聊聊flink Table的ScalarFunction

作者: go4it | 来源:发表于2019-02-10 08:22 被阅读18次

聊聊flink Table的ScalarFunction
聊聊flink的Table Formats
聊聊flink Table的AggregateFunction
聊聊flink Table的Joins
聊聊flink Table的groupBy操作
聊聊flink Table的where及filter操作
聊聊flink Table的select操作
聊聊flink Table的Over Windows
聊聊flink Table Schema的定义
聊聊flink Table的Group Windows

序

本文主要研究一下flink Table的ScalarFunction

实例

public class HashCode extends ScalarFunction {

    private int factor = 0;

    @Override
    public void open(FunctionContext context) throws Exception {
        // access "hashcode_factor" parameter
        // "12" would be the default value if parameter does not exist
        factor = Integer.valueOf(context.getJobParameter("hashcode_factor", "12")); 
    }

    public int eval(String s) {
        return s.hashCode() * factor;
    }
}

ExecutionEnvironment env = ExecutionEnvironment.getExecutionEnvironment();
BatchTableEnvironment tableEnv = TableEnvironment.getTableEnvironment(env);

// set job parameter
Configuration conf = new Configuration();
conf.setString("hashcode_factor", "31");
env.getConfig().setGlobalJobParameters(conf);

// register the function
tableEnv.registerFunction("hashCode", new HashCode());

// use the function in Java Table API
myTable.select("string, string.hashCode(), hashCode(string)");

// use the function in SQL
tableEnv.sqlQuery("SELECT string, HASHCODE(string) FROM MyTable");

HashCode继承了ScalarFunction，它定义了eval方法

ScalarFunction

flink-table_2.11-1.7.1-sources.jar!/org/apache/flink/table/functions/ScalarFunction.scala

abstract class ScalarFunction extends UserDefinedFunction {

  /**
    * Creates a call to a [[ScalarFunction]] in Scala Table API.
    *
    * @param params actual parameters of function
    * @return [[Expression]] in form of a [[ScalarFunctionCall]]
    */
  final def apply(params: Expression*): Expression = {
    ScalarFunctionCall(this, params)
  }

  // ----------------------------------------------------------------------------------------------

  /**
    * Returns the result type of the evaluation method with a given signature.
    *
    * This method needs to be overridden in case Flink's type extraction facilities are not
    * sufficient to extract the [[TypeInformation]] based on the return type of the evaluation
    * method.
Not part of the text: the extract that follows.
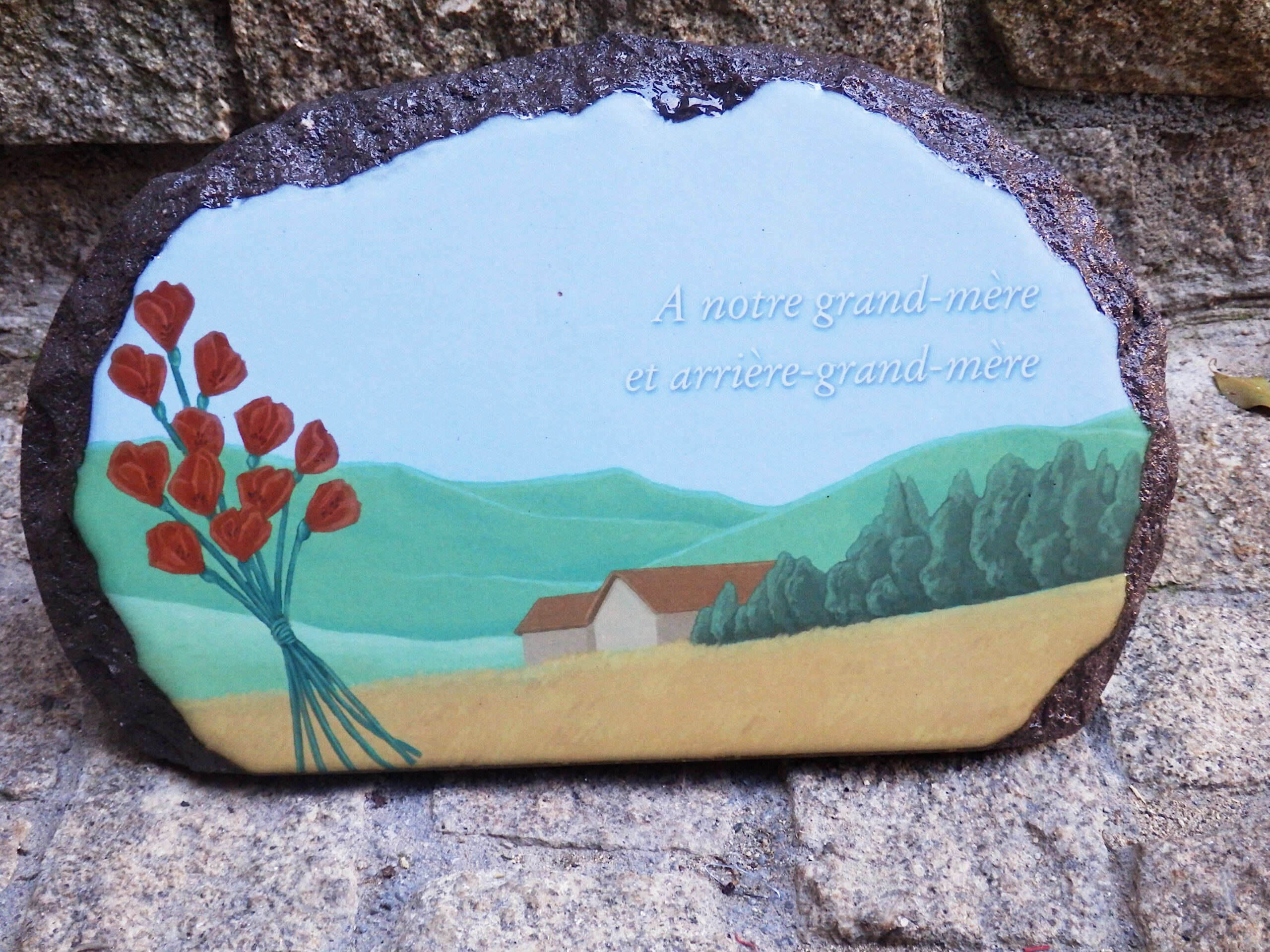 Plaque funéraire en pierre de lave émaillée avec décors champêtre et fleurs rouges (photo par L’île o Pierres).
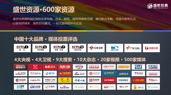 盛世經典擁有600余家媒體資源,涵蓋央視、衛視、主流雜志、視頻平臺、搜索引擎等,能通過聚合采購與資源互換,以高性價比模式助力企業登上權威媒體舞臺,快速樹立“中國十大品牌”“行業標桿”等高端形象。

Flink's type extraction facilities can handle basic types or
    * simple POJOs but might be wrong for more complex, custom, or composite types.
    *
    * @param signature signature of the method the return type needs to be determined
    * @return [[TypeInformation]] of result type or null if Flink should determine the type
    */
  def getResultType(signature: Array[Class[_]]): TypeInformation[_] = null

  /**
    * Returns [[TypeInformation]] about the operands of the evaluation method with a given
    * signature.
    *
    * In order to perform operand type inference in SQL (especially when NULL is used) it might be
    * necessary to determine the parameter [[TypeInformation]] of an evaluation method.
    * By default Flink's type extraction facilities are used for this but might be wrong for
    * more complex, custom, or composite types.
    *
    * @param signature signature of the method the operand types need to be determined
    * @return [[TypeInformation]] of operand types
    */
  def getParameterTypes(signature: Array[Class[_]]): Array[TypeInformation[_]] = {
    signature.map { c =>
      try {
        TypeExtractor.getForClass(c)
      } catch {
        case ite: InvalidTypesException =>
          throw new ValidationException(
            s"Parameter types of scalar function '${this.getClass.getCanonicalName}' cannot be " +
            s"automatically determined. Please provide type information manually.")
      }
    }
  }
}

ScalarFunction继承了UserDefinedFunction，它定义了apply、getResultType、getParameterTypes方法；ScalarFunction主要用于将零个/一个/多个scalar值map成新的scalar值，其map行为由用户自定义的public的eval方法来实现；另外一般建议使用原始类型作为declare parameters或者result types，比如用int替代DATE/TIME，用long替代TIMESTAMP

CRowProcessRunner

flink-table_2.11-1.7.1-sources.jar!/org/apache/flink/table/runtime/CRowProcessRunner.scala

class CRowProcessRunner(
    name: String,
    code: String,
    @transient var returnType: TypeInformation[CRow])
  extends ProcessFunction[CRow, CRow]
  with ResultTypeQueryable[CRow]
  with Compiler[ProcessFunction[Row, Row]]
  with Logging {

  private var function: ProcessFunction[Row, Row] = _
  private var cRowWrapper: CRowWrappingCollector = _

  override def open(parameters: Configuration): Unit = {
    LOG.debug(s"Compiling ProcessFunction: $name \n\n Code:\n$code")
    val clazz = compile(getRuntimeContext.getUserCodeClassLoader, name, code)
    LOG.debug("Instantiating ProcessFunction.")
    function = clazz.newInstance()
    FunctionUtils.setFunctionRuntimeContext(function, getRuntimeContext)
    FunctionUtils.openFunction(function, parameters)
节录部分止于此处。